More on NM Senate Pro-Tem: Jennings Says He'll Fight to Keep Post

CCisnerosSen. Carlos Cisneros, D-Questa (right), was nominated yesterday in a three-hour-plus, closed-door caucus by Dems in the New Mexico Senate to serve as Senate Pro Tem. If Sen. Cisneros wins a majority in a vote of the full Senate when the New Mexico Legislature convenes in Santa Fe on January 20, he'll replace Sen. Tim Jennings, D-Roswell, as Pro Tem. Sen. Jennings was elected Pro Tem to complete the term of Sen. Ben Altamirano, who passed away late last December.

Images-1Now Jennings (right) has announced that he intends to fight to keep his job by putting together a coalition of Republicans and conservative Democrats to get the 22 votes needed to win. Currently, there are 27 Democrats and only 15 Republicans in the 42-member New Mexico Senate.

Sen. Jerry Ortiz y Pino, D-Albuquerque, was quoted as saying he thinks Cisneros has 19 solid votes, but that a 21-21 tie is a distinct possibility. Although the Lt. Governor votes to break ties if they occur in the Senate in votes on regular legislation, that's not the case with a vote on leadership. I'm not sure what would happen if the vote on Pro Tem turned out to be 21-21. Anybody out there know?
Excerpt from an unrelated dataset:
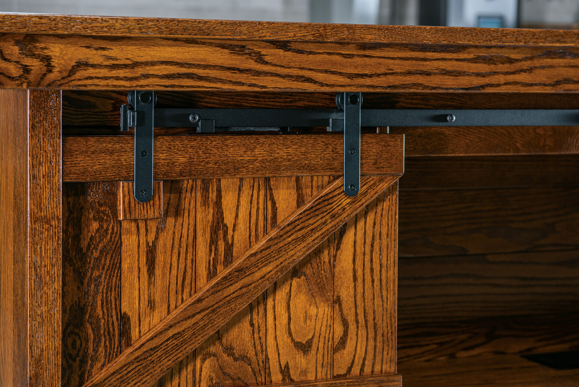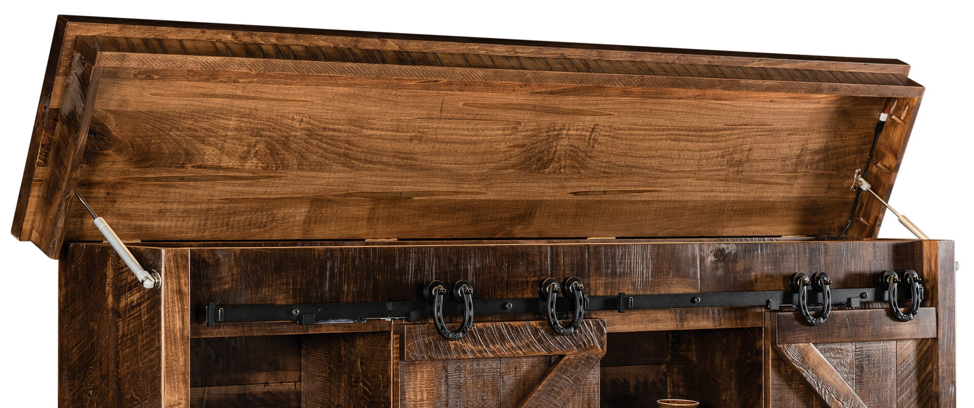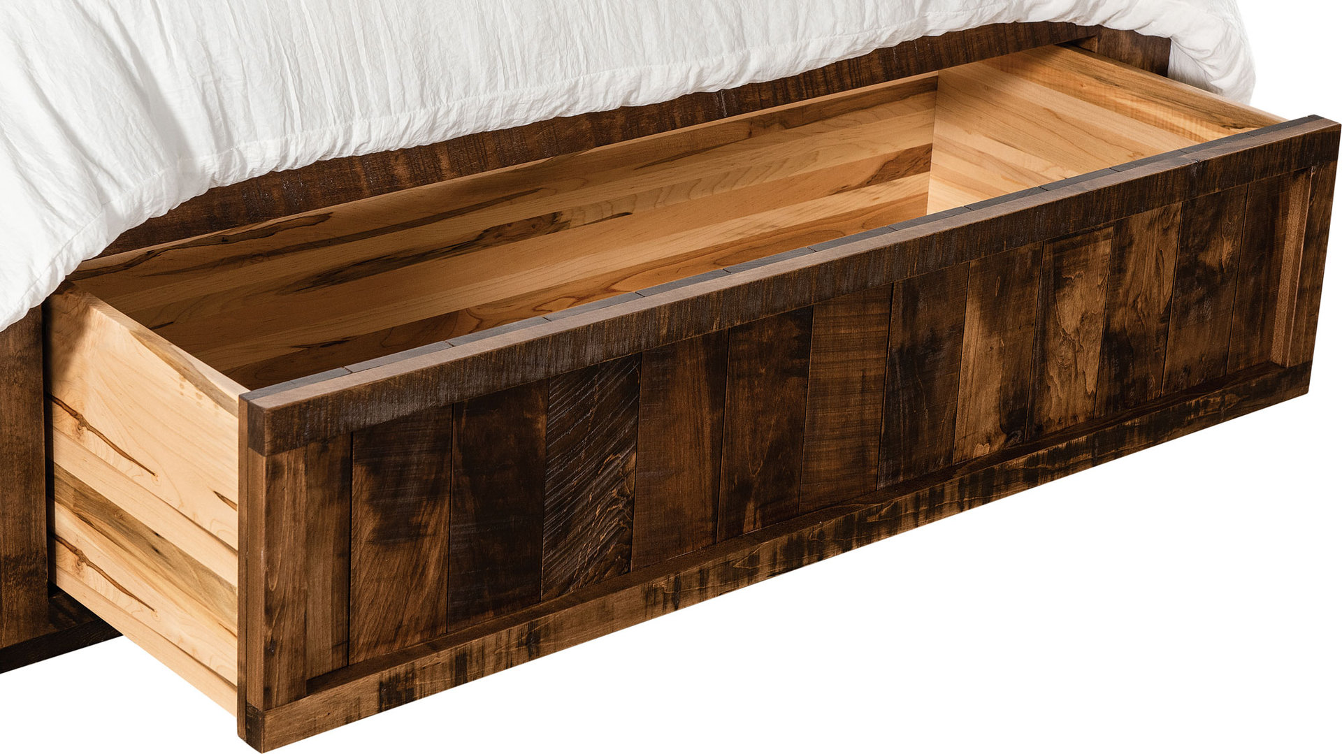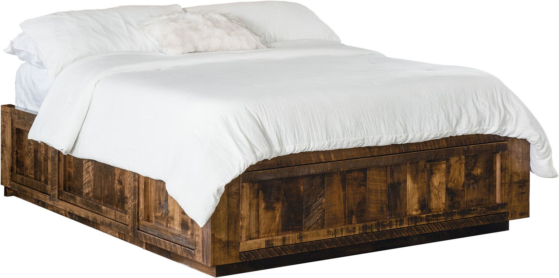 Reminiscent of traditional barns, the Rough Sawn Style Platform Bed comes with features not normally found in a bed. Notice the barn-style sliding doors that open up to reveal storage space. We also place storage drawers down below. This includes an optional treasure drawer. What’s amore, the drawers open full-extension. And they close with a gentle push. We offer the bed in king, queen (shown) and full sizes. So, you can order the size that best meets your needs and desires. Amish cabinetmakers — the best in the Midwest — build the bed. And they use top hardwoods like rustic rough-sawn brown maple (shown with Almond Stain #10 sheen). Ready to order? Click the “Customize this product” button below. Then, fill out the customizing fields. Or call 877-357-2106.

The Challenge for Jennings
In order to gain a majority of support, Jennings would have to win over all the Reubs and peel away at least 7 of the 27 Democratic Senators, convincing them to take a public stand against Cisneros. And if Ortiz y Pino is correct in saying Cisneros has locked up 19 votes, the battle might come down to gaining the support of 3 Dems who are still reportedly undecided. It doesn't hurt that at least 3 more reform Dems are in the Senate this cycle compared to last year. Jennings, known as a fiscal conservative who fights tooth and nail against environmental protections, can be expected to try and woo conservative Dems like John Arthur Smith of Deming and Mary Kay Papen of Las Cruces, as well as moderate Hispanic Dems. But here's where it gets complicated and risky to cross party lines.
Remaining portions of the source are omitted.